Tuesday, July 14, 2009

Holy crap, these things just jumped out at me as I was reading about others' experiences with toxic parents.

She doesn't have as much time or opportunity to pretend to be the hero rescuing my children (which means one has to play the role of a victim she can focus her attention on and then someone else gets to be singled out as the bad guy).

That is what they are doing!! Holy crap! They are trying to pretend to be the hero, rescuing C!

I broke off all communications with my parents last year. They are both toxic individuals towards me. Yet I still keep yearning for a relationship with them. I'll be honest here, there were some terrible times with them but there were some good times too. I can't understand why I still want to see them or hear from them. Am I a glutton for punishment? They are both in their seventies now and let's face it won't be around for ever. I tried to talk to them about my "recovery" and was told that I was mentally ill and always had been. Deep inside I wish I had a "normal" family but am coming to the realization that this won't happen. Yet, I wish

That is exactly how I feel.


1) You Aren't Responsible For What Your Parents Did To You As a Child, They Are
2) You Are Responsible For What You Do With Your Life Now, Your Parents Aren't

I need to GET THIS. They are not responsible for what I do with my life. Therefore, they not only have no say but have no right to have an opinion about it.

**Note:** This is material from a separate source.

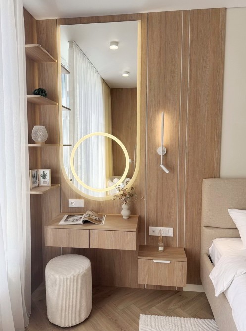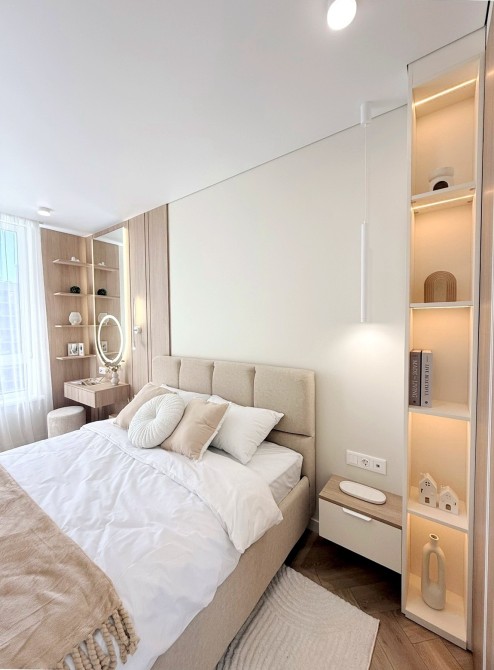 - Спальня з вбудованою шафою, великим ліжком з підйомним механізмом, робочим місцем та місцем для читання.

Acceptance. This is how it is.

Not how it:
was
might have been
should have been

Not how I:
want it to be
hoped it would be
planned it to be

I accept that this is how it is.
And now I will get on with my life in a positive way.

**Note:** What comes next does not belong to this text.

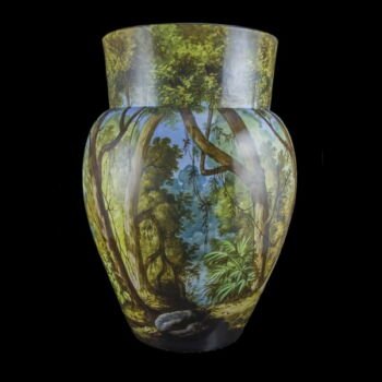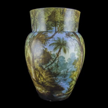 Creil et Montereau French painted porcelain floor vase with a surrounding forest landscape on its mantle. Beginning of XXth century. Height: 49 cm, diameter: 34 cm.
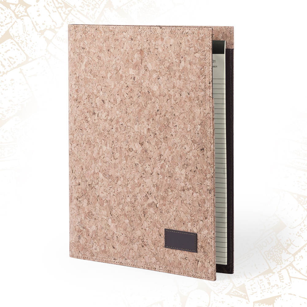 Porta documenti con elegante rivestimento soft touch in sughero naturale e interno in morbida pelle PU. Dotato di bloc notes con 20 fogli e portapenne.

Like anything else. The ability to cope with toxic parents and accepting that you cannot change their behaviors….takes practice. And this practice may not produce visible results for quite some time. However, ridding yourself of the fallout (the negative emotions) from dealing with toxic parents:

  • the anger
  • the depression
  • the frustration
  • the sadness

will hopefully provide enough incentive necessary to accept and move on with your life. One statement. One step. At a time.